▶ _Records to process_

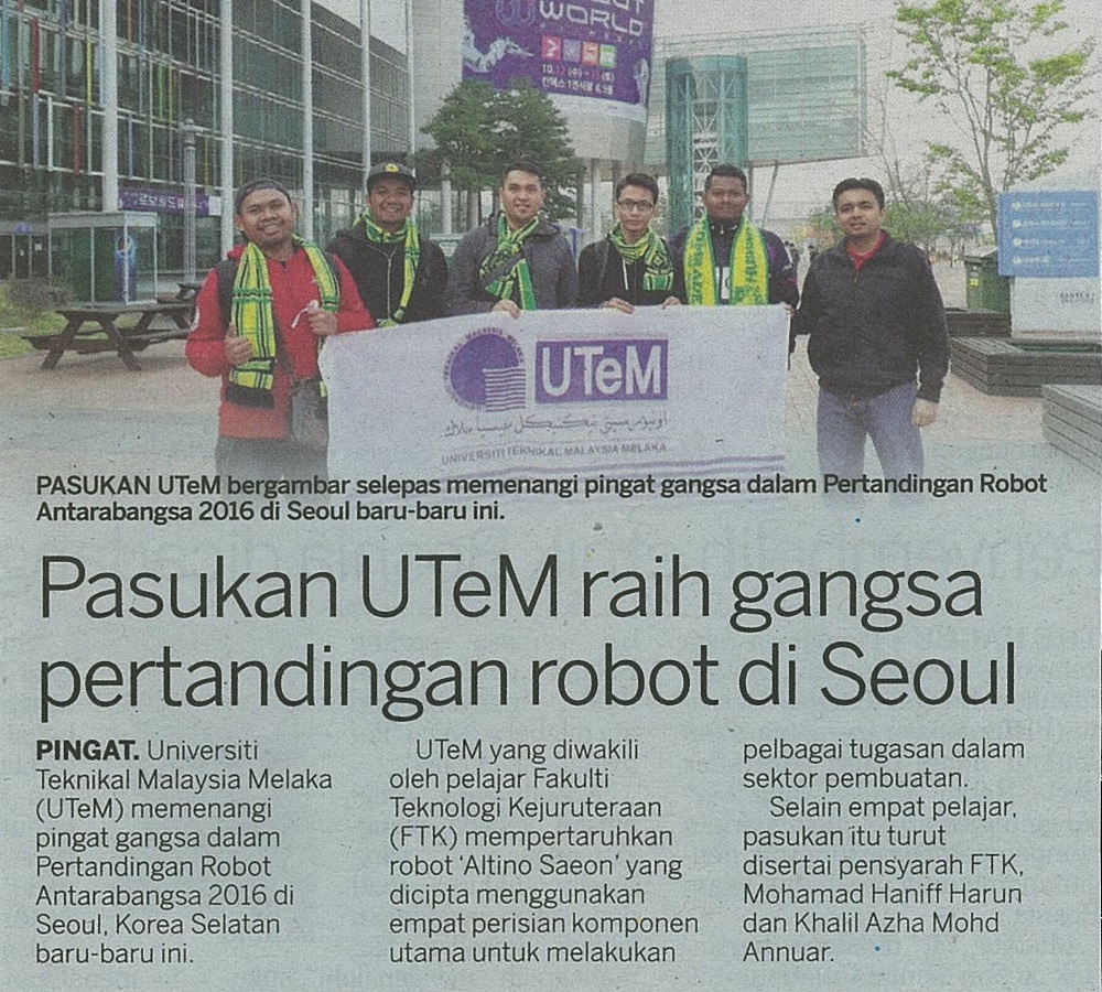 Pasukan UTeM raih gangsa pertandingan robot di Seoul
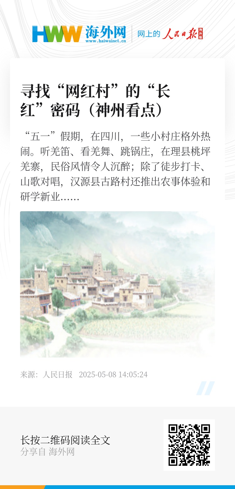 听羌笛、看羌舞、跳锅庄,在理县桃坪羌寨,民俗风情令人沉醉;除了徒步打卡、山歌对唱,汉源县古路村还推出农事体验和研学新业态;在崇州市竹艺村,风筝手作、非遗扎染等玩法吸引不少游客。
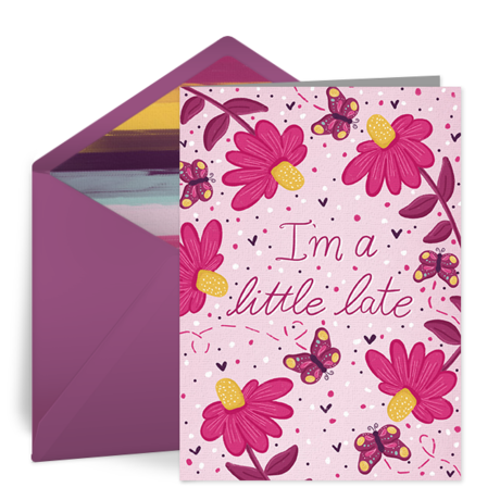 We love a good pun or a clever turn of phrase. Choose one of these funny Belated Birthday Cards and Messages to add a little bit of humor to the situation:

==

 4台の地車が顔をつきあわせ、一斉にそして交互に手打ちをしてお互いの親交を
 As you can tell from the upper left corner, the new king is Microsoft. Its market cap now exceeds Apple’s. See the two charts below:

▶ _What you should do_
Whatever pictures the records hold, omit them; give again exactly the lines from the one containing "听羌笛、看羌舞、跳锅庄,在理" through the one containing "We love a good".

▶ _Answer box_
 听羌笛、看羌舞、跳锅庄,在理县桃坪羌寨,民俗风情令人沉醉;除了徒步打卡、山歌对唱,汉源县古路村还推出农事体验和研学新业态;在崇州市竹艺村,风筝手作、非遗扎染等玩法吸引不少游客。
 We love a good pun or a clever turn of phrase. Choose one of these funny Belated Birthday Cards and Messages to add a little bit of humor to the situation:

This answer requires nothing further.